Since you mentioned pottery, let’s apply Marx to a pottery factory worker. Take your pick of pottery – flower pots, crockery, utility table ware, china, bone china, or toilet bowls.
Jack works for Consolidated Toilet Bowls (CTB) of Sheboygan, WI, the He is alienated from the product of his labor in this way: [First] As the toilet bowl he worked on rolls down the line, it ceases to have any connection to him. It belongs to CTB. None of the workers’ sweat that went into making this high-end toilet will be represented in the product in any way. Jack will get his wage–a small fraction of the high retail price for this high-end bathroom fixture.
Jobs are scarce in Sheboygan. You can make bratwurst or you can make toilets. That’s it. [Second] As a result, CTB can get away with the minimum of safety measures, and doesn’t do anything to make the factory more tolerable, let alone pleasant. In fact, the factory is kind of a shit hole. There is no accommodation of human needs or desires for light, fresh air, a clean workspace, rest breaks, health care benefits, and so on. Working at CTB is tedious, boring, coercive, surveilled, and hard. Workers are haggard at the end of their shift.
[Third] The conditions of the CTB workplace suck out any joy in human existence the workers feel. They are treated like dumb animals (and not as well as expensive machines). They have little spirit left for themselves or their families. Work is too deadening. They work to survive, not “to live” and they certainly don’t look forward to the next day.

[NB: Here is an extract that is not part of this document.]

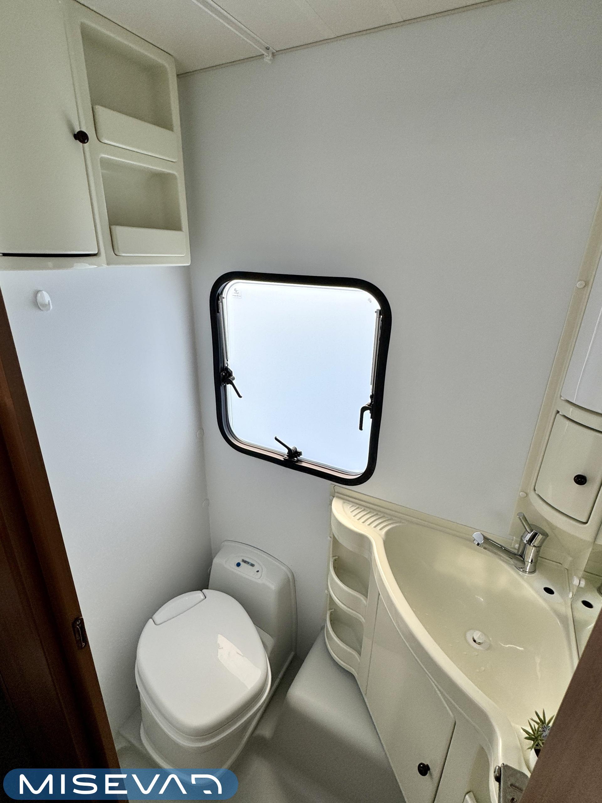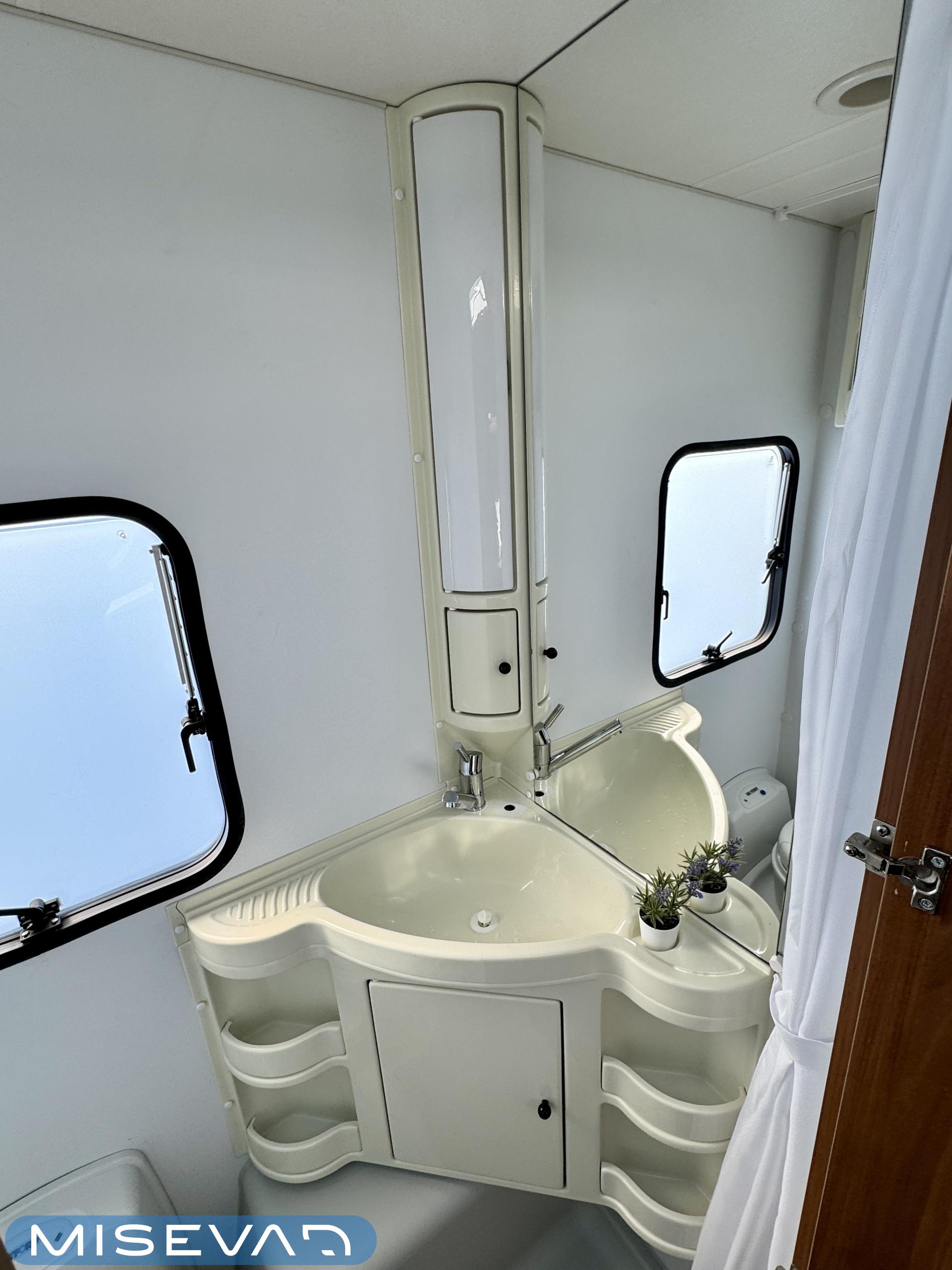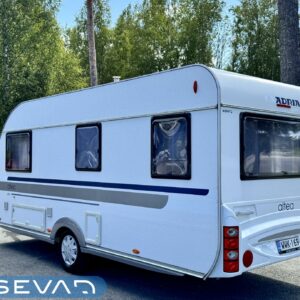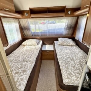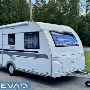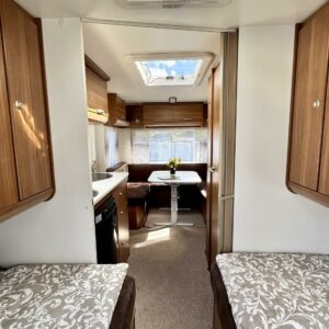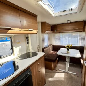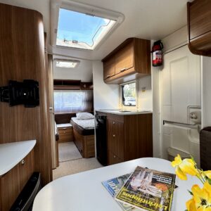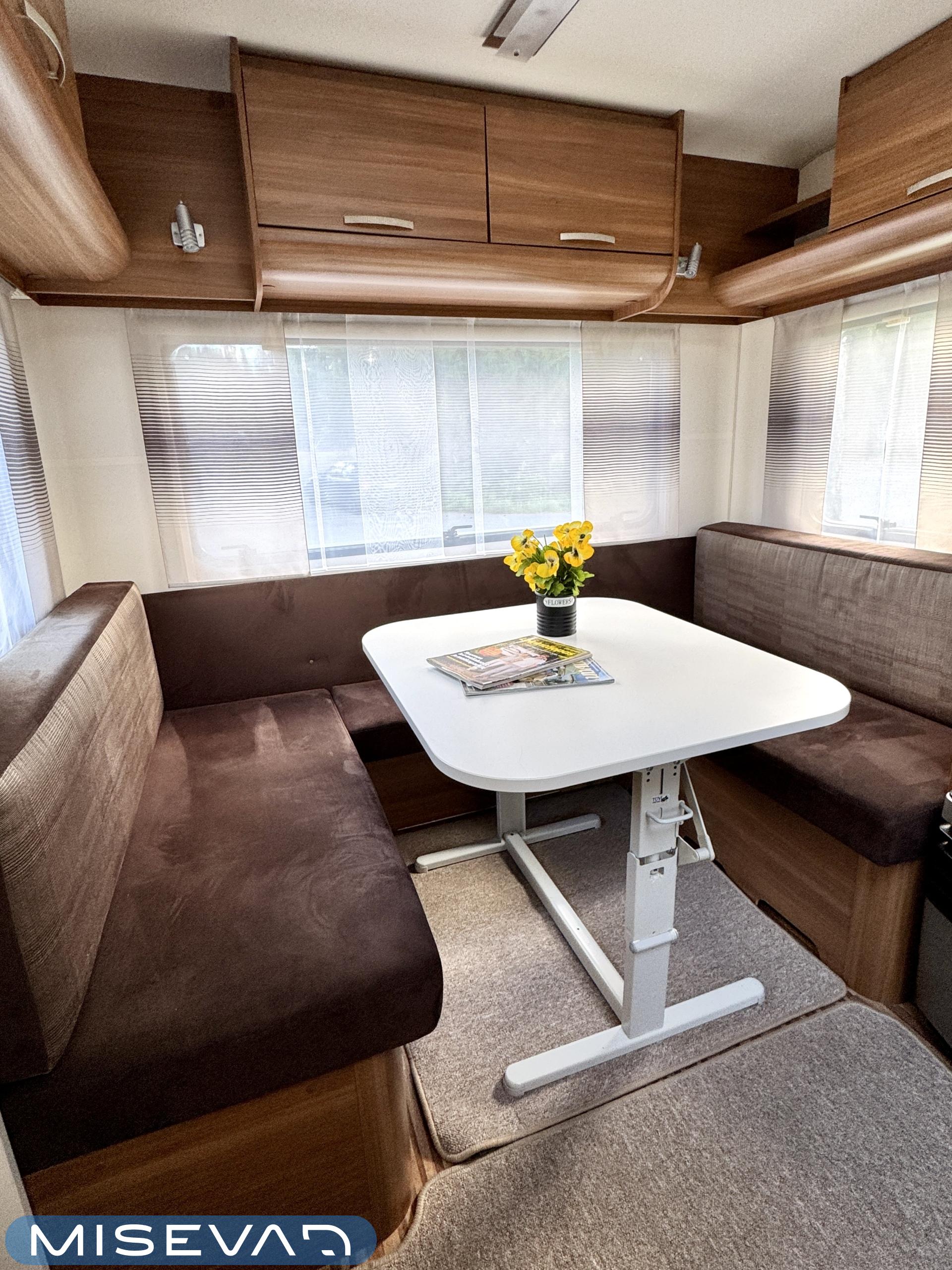 Sisätilat on verhoiltu tumman tyllikkääksi ja korostettu vaaleilla seinillä, sekä tasoilla. Yleisilme on ajattoman tyylikäs. Kaappitilaa on runsaasti läpi vaunun ja erillissänkyjen alta säilytystilaa löytyy lisää. Takana oleva ruokailuryhmä muuntuu kädenkäänteessä sängyksi ja vaunu on hetkessä nukkumapaikka neljälle. Keittiö palvelee vaunukokkia kokoisekseen loistavasti. Ei jää hernekeitot tai siskonmakkarasopat keittämättä. Vaunun keskiosasta löytyy hyvän kokoinen wc-tila. Kaksiosaisella ulko-ovella saa lämpimillä keleillä mukavan tuuletuksen vaunuun. Parasta vaunussa on sen isot ikkunat, joiden kautta aurinko saa sisätilan oikeuksiinsa.

[Fourth] There is no community for these workers. There is little or no opportunity (or time and resources) for personal renewal, friendship among equals, love. The losers don’t get much. Among the people living in Sheboygan, are those who won the game: business owners, managers, professionals. They are a restless lot – constantly striving for a better car, better house, better address (even in Sheboygan), private schooling for their children. Those with the most resources are not care much about the riff-raff who make toilets and sausages, even if their low-class labor makes the profit they live off.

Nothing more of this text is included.